▶ **What the task requires**:
The part below that opens with the line containing "A girl looks" and closes with the line containing "Representatives from civil" should be copied exactly, minus any pictures.

Start of Exercise data

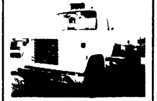
1978 Ford LN9000, S/A/D/C 150 WB 6 71 N Detroit RT910 10 Spd Trans P/S A/C New Paint Engine Just Over hauled
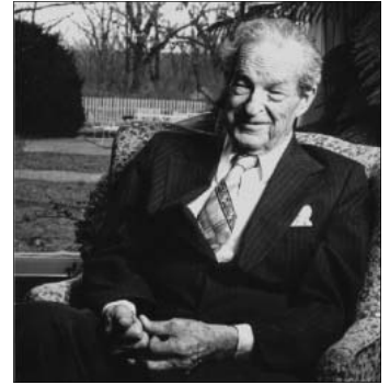
GREEN IN HIS LATER YEARS
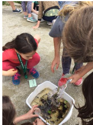
3 rd graders at the Buzzard's Bay Coalition Saw Mill exploring the river and fields for fish, birds, animals, and frogs
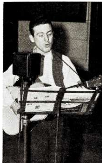
"Down on the Old Plantation" is a fine place to be, according to Ramblin' Red Foley, pictured here "on the air."
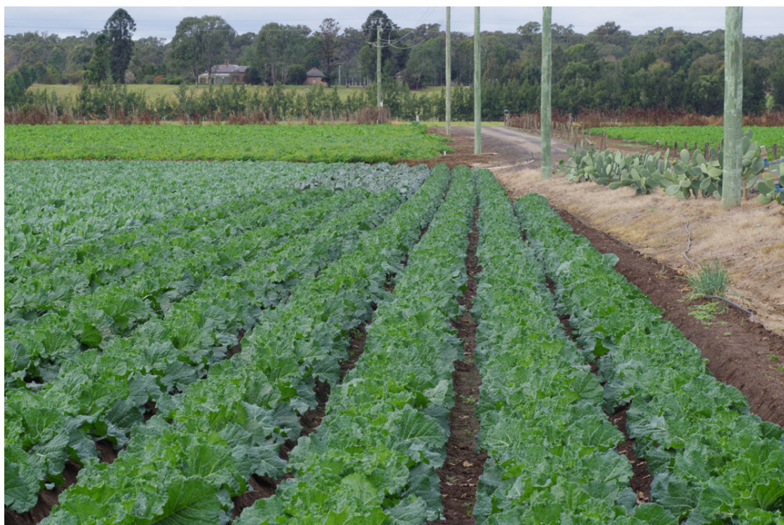
Figure 5.4 A farmer near Richmond, NSW, was experimenting with trickle irrigation to limit the moisture available for weed growth in between the crop rows.
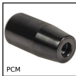
PCM Fixed cylindrical handle, Fixed non-turning handle
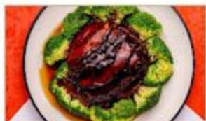
芽菜扣肉 $27.8 Steamed Pork Belly w/ Special Preserved Veggies
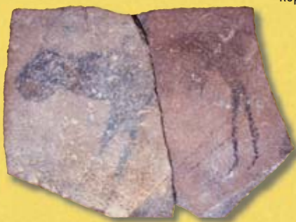
Oldest evidence of painting in Africa from Apollo 11 Rock Shelter in Namibia: 28,000 years old
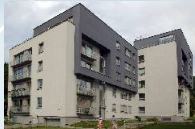
In 2001, 2 and 5 storey apartment blocks were built in Blindziu street, Zverynas district, Vilnius.

In 2005, 3 storey house with several apartments was built in Saules street, Antakalnis district, Vilnius .
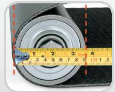
Measure smallest pulley diameter.
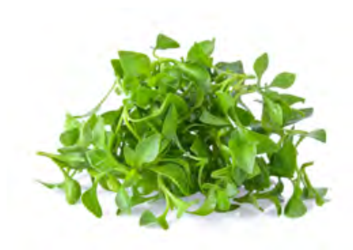
Hampshire Watercress – 16 bunches / Case
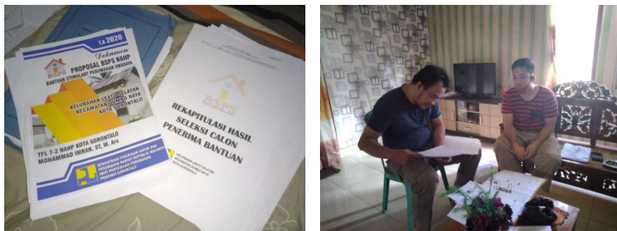
Figure 8. Preparation and Verification of Proposals
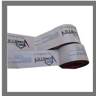
Printed SPF Tape
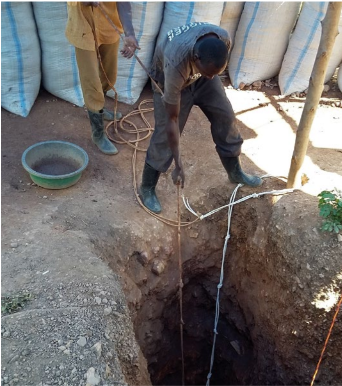
Miners dig up the gold ore from the underground mining pits
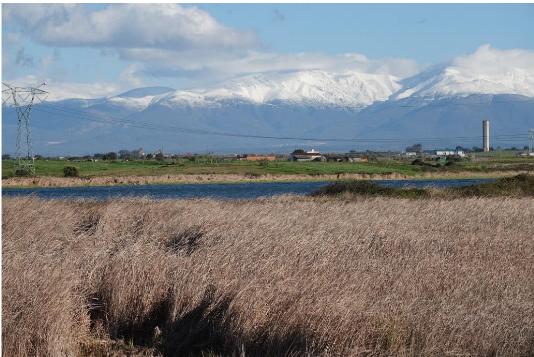
Arrocampo and Gredos Mountains

After all too short a stay it was time to bid farewell to Casa Rural el Recuerdo and return to Madrid. But not before some final birding at the Arrocampo Reservoir. The sunshine was tempered by a very fresh westerly wind, but we had a spectacular view of the Gredos Mountains, dressed by a heavy fall of snow. The wind made the viewing conditions across the marsh quite difficult, but nevertheless we managed sightings of Western Swamphen , Ferruginous Duck and Squacco Heron (the latter rather distantly). Barn Swallows and Sand Martins hawked low over the water. Cetti's Warblers gave their explosive songs from all sides and we also heard a few snatches of the reeling song of Savi's Warbler .
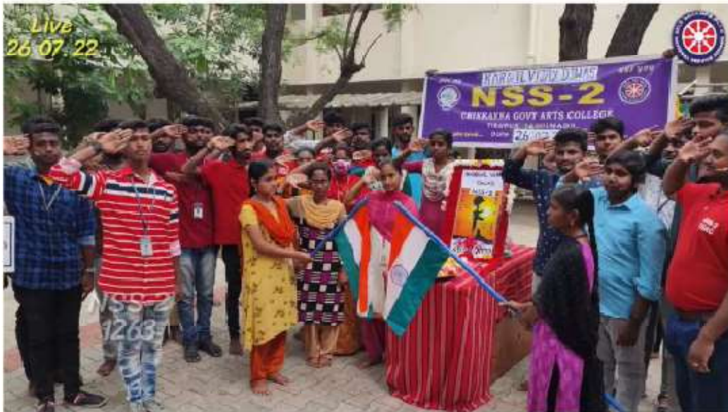
#இந்தியாவின் வெற்றியை யகொண்டாடுவோம் |Kargil VijayDiwas|Chikkanna Govt Arts College|BharathiarUniversity

https://youtu.be/b0oW171h0qc?si=NdblycrWshmfBhLj
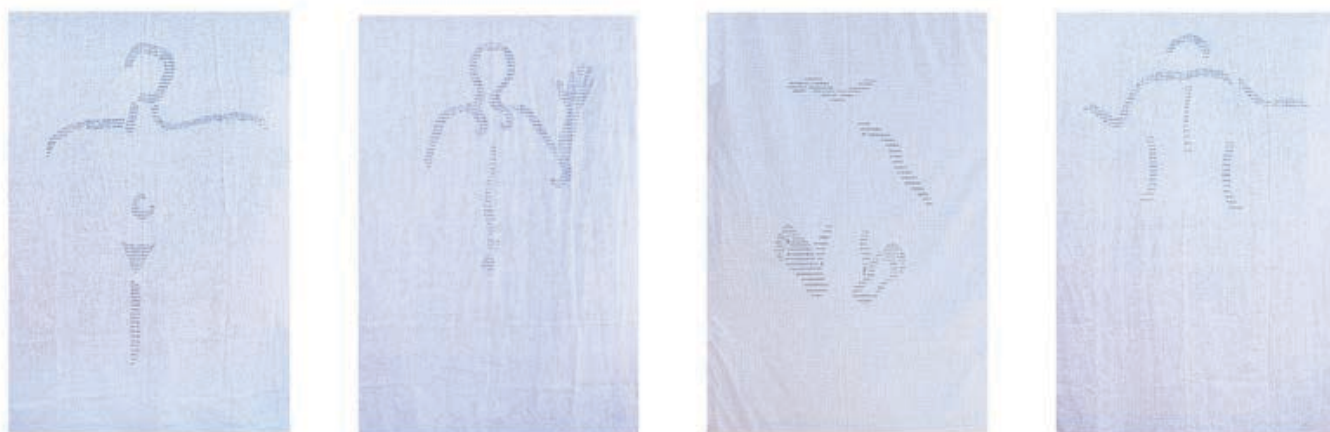
Figure 2: Tetraptych by Vasso Florou (2019). Selected “Curtains”.

where in contemporary patriarchal society, the archetype man-subject-gaze and woman-object-image to be consumed is the predominant condition. The preservation of relationships of power and dominance is recognised as the essential goal of the “hegemonic” 24 group in forming social relations and this constitutes the main model developed as a narrative in all aspects of public dialogue. We could say it is a narrative palimpsest developed in differing historical, political and social conditions, founded on relations of gendered characteristics. Reference is called for here to the views of Foucault (1982/1989) 25 in regard to the biological normality and transformation of the sexual subject of western societies, where he describes the history of subju-
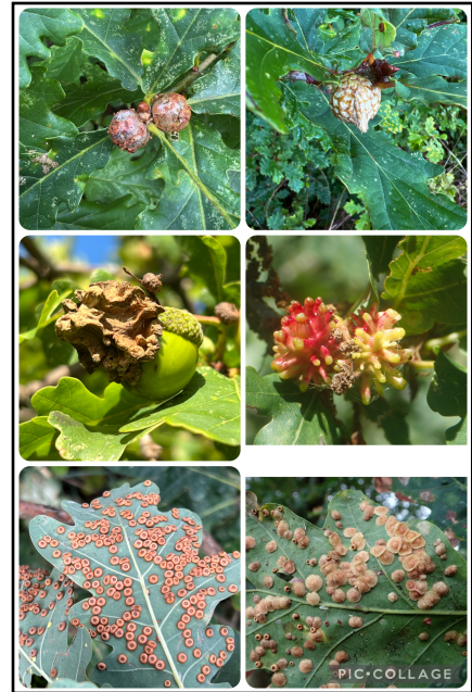
Galls on Oak Trees

flies. The variety of forms is amazing and fascinating. We finished the morning by exploring the brilliant Narnia trail in the woods.
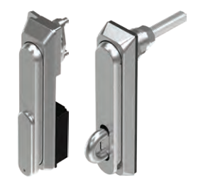
Swing Handle Locks

Available in stainless steel 304 and 316 with protection ranging from IP40 to IP69K. Most parts are manufactured with food grade grease, however where this is not the case, food grade grease can be requested to satisfy hygiene requirements.
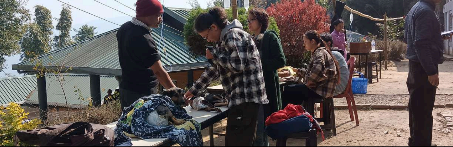
ONGOING TREATMENT AT KALIMPONG ANIMAL SHELTER
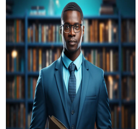
Personal & Self-Development Training Courses
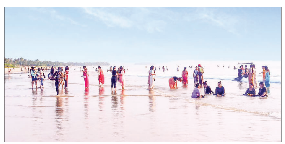
The photo shows Ngwehsaung Beach with travellers.
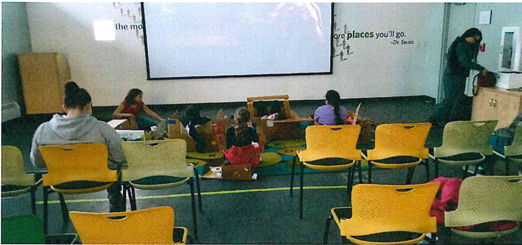
Kids relax in their vehicles while watching a movie at Mt. View
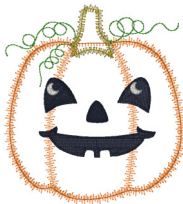
Sizzix Pumpkin 5.vip

4.89x5.37 inches; 10,540 stitches 10 thread changes; 7 colors
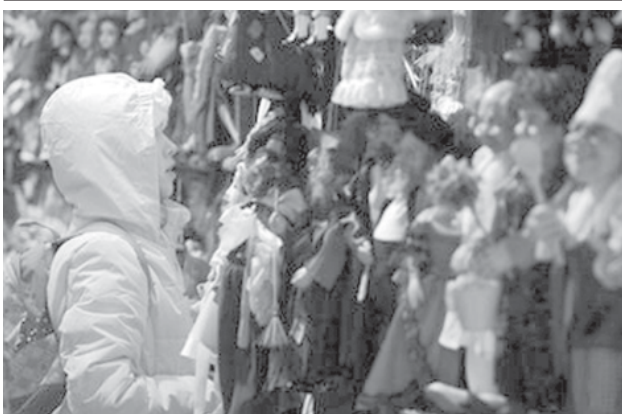
A girl looks at marionettes in downtown Prague, Czech Republic, Sunday, 26 Oct., 2008.—INTERNET

"With the 'The Dark Knight' grossing $991 million in box office revenue worldwide, we estimate his earnings at $20 million," the website said. —Internet
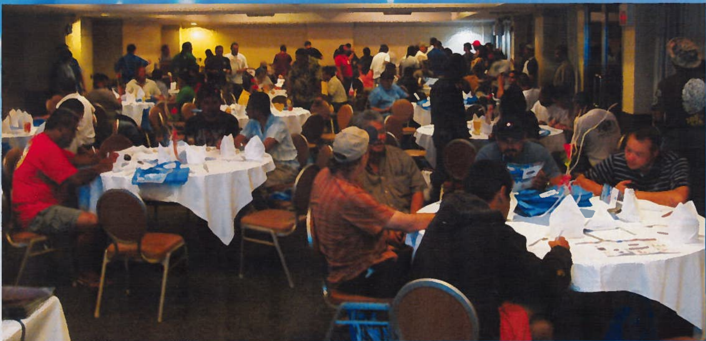
Fishermen on Saipan participate in the survey at community meeting (May 16)
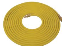
1 - Air Hose 3/8 in / 9.5 mm dia. x 16 ft / 5 m Yellow 22-890515
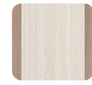
Nordic Teak | Italian Oak
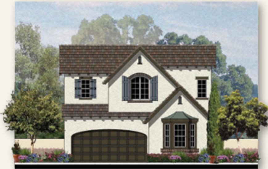
Coming soon Braden Court in Clovis with 4 new models and greener living through smarter design. Residence 4 shown above.

Want to be a part of a vibrant, growing community, one filled with possibilities? Welcome to Braden Court from McCaffrey Homes. Braden Court creates a stylish new Clovis address in Loma Vista, Clovis's master planned community.
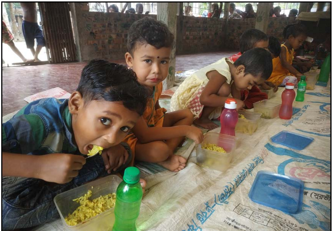
Jogahati preschool students enjoying the warm meal...
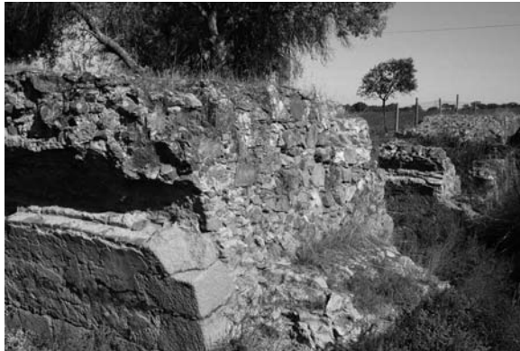
Fig. 2. Ponte de Nossa Senhora da Enxara (Campo Maior, Portugal), over the river Xévara on route XV (nº21)-
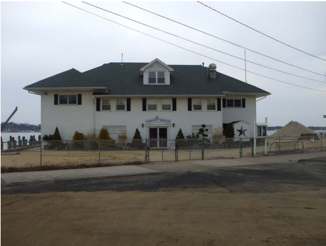
OGYC February 2011
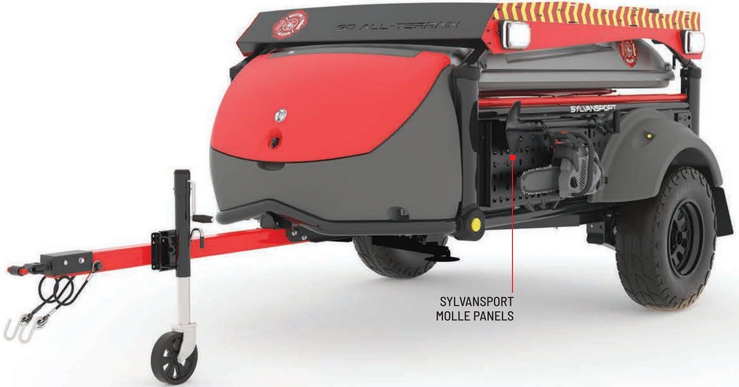
SYLVANSPORT MOLLE PANELS

GO. Rapid Response sides are designed to receive SylvanSport MOLLE (Modular Lightweight Load-Carrying Equipment) panels for side coverage on both sides. A standardized, flexible system of attachment allows users to securely fasten tools, equipment, pouches and other gear onto the GO. Rapid Response.
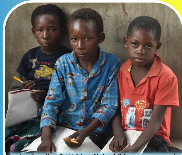
During Reading & Writing Club, children concentrating on learning literacy how to read and write.

Our first youth club in 2023, we had facilitations by Adaptive Leadership Zambia who are now our partners and we appreciate then for empowering our youths with HIV/AIDS awareness. This year we are looking forward to have many youth empowerment programs such as youth camps, ventures and youth nights.
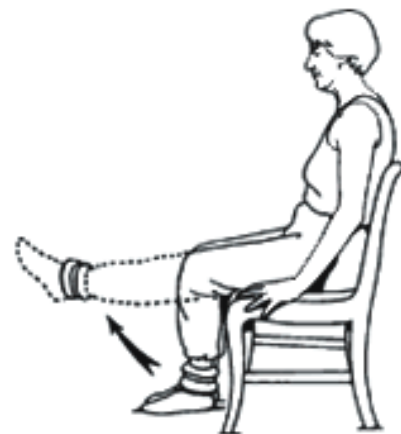
Seated Knee Extension
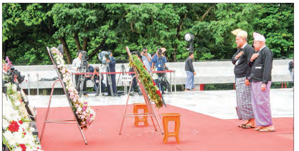
Representatives from civil society organizations lay wreaths at the mausoleum of General Aung San and martyr leaders to pay tributes to them yesterday.
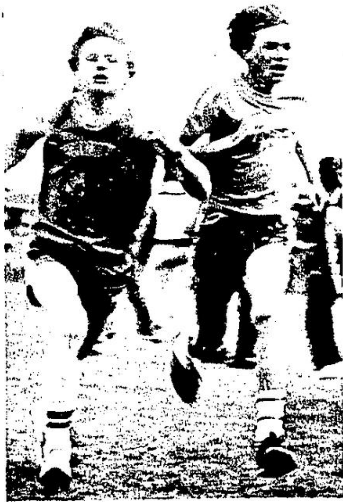
Charging towards the finish line were runners from Centennial and Stewarttown at the second annual Family of Schools cross-country run last Wednesday.

Last Friday (Oct. 9) Centennial senior public school competed in a cross-country meet in which everyone in the school participated.

End of Exercise data

▶ **Solution for this problem**:
A girl looks at marionettes in downtown Prague, Czech Republic, Sunday, 26 Oct., 2008.—INTERNET

"With the 'The Dark Knight' grossing $991 million in box office revenue worldwide, we estimate his earnings at $20 million," the website said. —Internet
Fishermen on Saipan participate in the survey at community meeting (May 16)
1 - Air Hose 3/8 in / 9.5 mm dia. x 16 ft / 5 m Yellow 22-890515
Nordic Teak | Italian Oak
Coming soon Braden Court in Clovis with 4 new models and greener living through smarter design. Residence 4 shown above.

Want to be a part of a vibrant, growing community, one filled with possibilities? Welcome to Braden Court from McCaffrey Homes. Braden Court creates a stylish new Clovis address in Loma Vista, Clovis's master planned community.
Jogahati preschool students enjoying the warm meal...
Fig. 2. Ponte de Nossa Senhora da Enxara (Campo Maior, Portugal), over the river Xévara on route XV (nº21)-
OGYC February 2011
SYLVANSPORT MOLLE PANELS

GO. Rapid Response sides are designed to receive SylvanSport MOLLE (Modular Lightweight Load-Carrying Equipment) panels for side coverage on both sides. A standardized, flexible system of attachment allows users to securely fasten tools, equipment, pouches and other gear onto the GO. Rapid Response.
During Reading & Writing Club, children concentrating on learning literacy how to read and write.

Our first youth club in 2023, we had facilitations by Adaptive Leadership Zambia who are now our partners and we appreciate then for empowering our youths with HIV/AIDS awareness. This year we are looking forward to have many youth empowerment programs such as youth camps, ventures and youth nights.
Seated Knee Extension
Representatives from civil society organizations lay wreaths at the mausoleum of General Aung San and martyr leaders to pay tributes to them yesterday.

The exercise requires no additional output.